O reinado dos “paulistinhas” foi “quebrado” por Miloca. Uma basset, de pelagem amarronzada e brilhante. Chegou na casa ainda filhotinho, um presente para o pai, segundo as filhas mais novas. As crianças já não existiam mais. Haviam se transformado em mulheres. E essas mulheres-crianças amaram Mila (a nossa Miloca) como nos tempos de infância. T-e-m-p-e-r-a-m-e-n-t-a-l.
Assim era Mila. Carinhos e cafunés eram facilmente desprezados mediante algum contragosto. Mantinha-se virada, dando as costas e ignorando s-o-l-e-n-e-m-e-n-t-e a quem quer que lhe houvesse chamado a atenção. Compreendia o mais estranho dos comandos: “Mila, saia do sol, está muito quente, vá para a sombra!”, dizíamos do alto da escada, paradas na porta da cozinha. Rapidamente ela se levantava, saía do sol e deitava-se novamente, na sombra!!! Nunca entendemos isso!!!

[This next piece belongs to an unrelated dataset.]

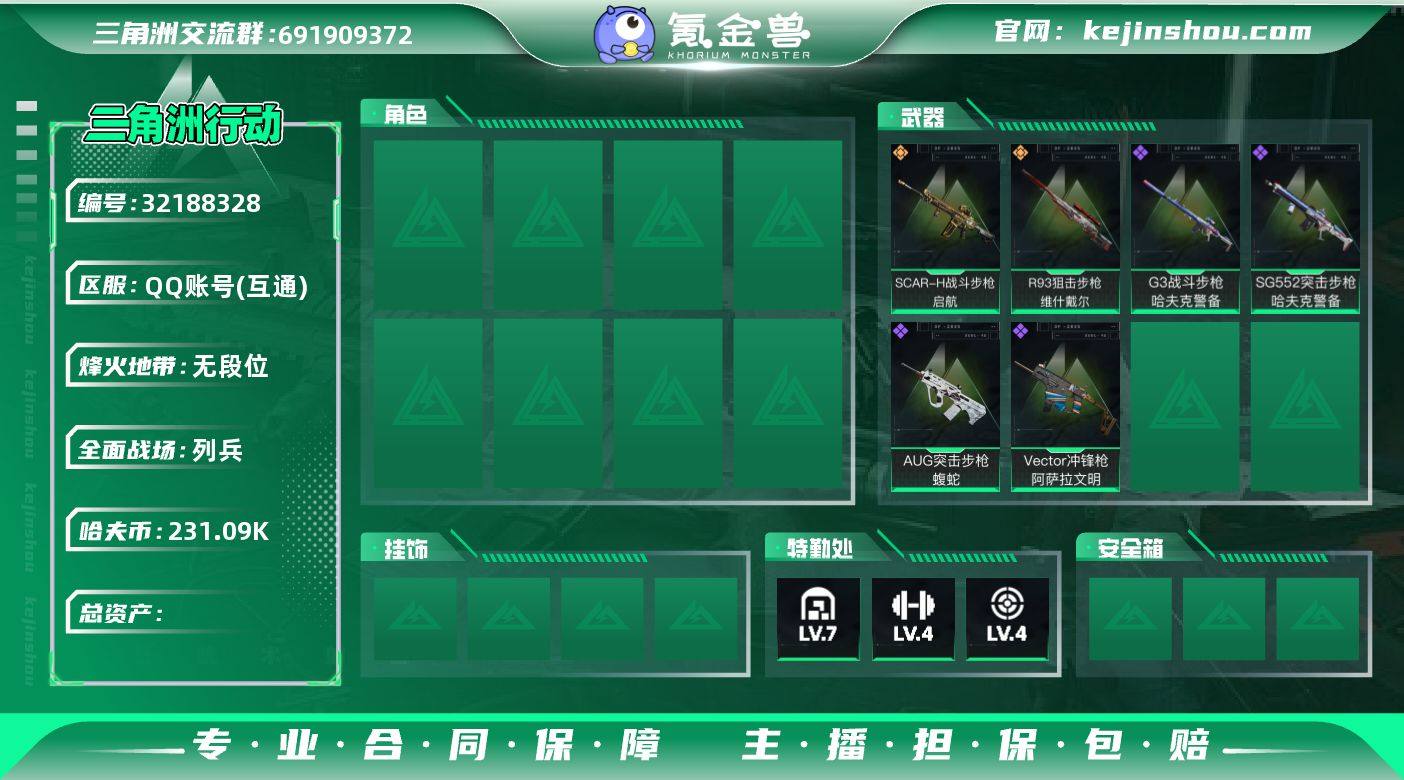 【SJZG4121】总资产(M):431M/哈夫币(K):231090K/哈夫币(K):231090K/传说枪皮数:6/全面战场等级:30_段位:列兵/烽火地带等级:60_段位:青铜/近战-处刑者1级/黑鹰/AKM突击步枪-锦绣/SCAR-H战斗步枪-启航/K437突击步枪-锦绣/SMG-45冲锋枪-锦绣/SKS射手步枪-骑士/R93狙击步枪-维什戴尔/K416突击步枪-冬日风情/AUG突击步枪-蝮蛇/SG552突击步枪深海恐惧/SG552突击步枪-哈夫克警备/G3战斗步枪-哈夫克警备/MP5冲锋枪深海恐惧/Vector冲锋枪-阿萨拉文明/MP7冲锋枪-六套之力/M14射手步枪-工业狂潮/K416突击步枪-一帆风顺/ AK-12突击步枪-马年新春/SCAR-H战斗步枪-荣耀列队/K437突击步枪-生存指令/47突击步枪-精英联盟/MP5冲锋枪-弄臣/MP5冲锋枪-哈夫克卫队/Vector冲锋枪-先锋/UZI冲锋枪-精英联盟/UZI冲锋枪-亚特兰蒂斯/野牛冲锋枪-精英联盟/SMG-45冲锋枪-行动开启/SMG-45冲锋枪-幻影结构/勇士冲锋枪-冰天雪地/QCQ171冲锋枪-银鹭/M1014霰弹枪-幻影结构/M249轻机枪-冰天雪地/QJB201轻机枪-哈夫克卫队/SKS射手步枪-弄臣/SR-25射手步枪-开拓/SV-98狙击步枪-星链科技/SV-98狙击步枪-哈夫克航天/SV-98狙击步枪-精英联盟/QSZ92G-一帆风顺/G17-古铜/M4A1突击步枪-粉色涂装/M4A1突击步枪-高雅黑/M4A1突击步枪-海色/QBZ95-1突击步枪-高雅黑/QBZ95-1突击步枪-海色/QBZ95-1突击步枪-2026/K416突击步枪-高雅黑/M16A4突击步枪-高雅黑/AUG突击步枪-浅蓝涂装/M7战斗步枪-黑巧甜心/SG552突击步枪-狂欢/SCAR-H战斗步枪-数码迷彩/G3战斗步枪-高雅黑/PTR-32突击步枪-黄蜂/CAR-15突击步枪-狂欢/AS Val突击步枪-黑巧甜心/MP5冲锋枪-海色/P90冲锋枪-黑巧甜心/Vector冲锋枪-几何迷彩/UZ

A casa conheceu a bisneta. Já haviam muitos outros e outras na família. Mas, naquela casa, ela foi a primeira. Novos e antigos brinquedos ocuparam o quintal e o porão. Os balanços voltaram a subir e a descer, levando e trazendo o riso infantil, a brisa no rosto, a magia do voo sem asas… O banho de mangueira, a piscina de plástico, o banho de sol no quintal. A casa presenciou os encontros. Os churrascos, os natais, os novos anos, os aniversários, os casamentos…. E os divórcios também…. Presenciou os estudos, as formaturas, os namoros, o ir e vir das amizades e dos vizinhos, as viagens… Discreta, assistiu a tudo silenciosamente. Os risos e os prantos deixaram sulcos nas madeiras transmutadas em paredes. Conformada, compreendeu quando, após tanta vida, esvaziou-se.
A casa mantinha o corredor lateral protegido do sol. No verão, era agradável passar por lá, no inverno, nem tanto. Desembocava no quintal que esbanjava luz e calor. Era ali, exatamente naquele encontro entre luz e sombra que a menina se deitava. Parte do corpo na sombra, pernas ao sol, aproveitava o melhor dos dois “mundos”. De costas, no chão de cimento, sonhava observando as nuvens “empurradas” pelo vento. Inesquecível sensação de paz. Mas a varanda… O sangue… O porão… O corpo… As memórias escancaradas… As lágrimas grossas e incontidas pelo rosto afora… O desabafo final.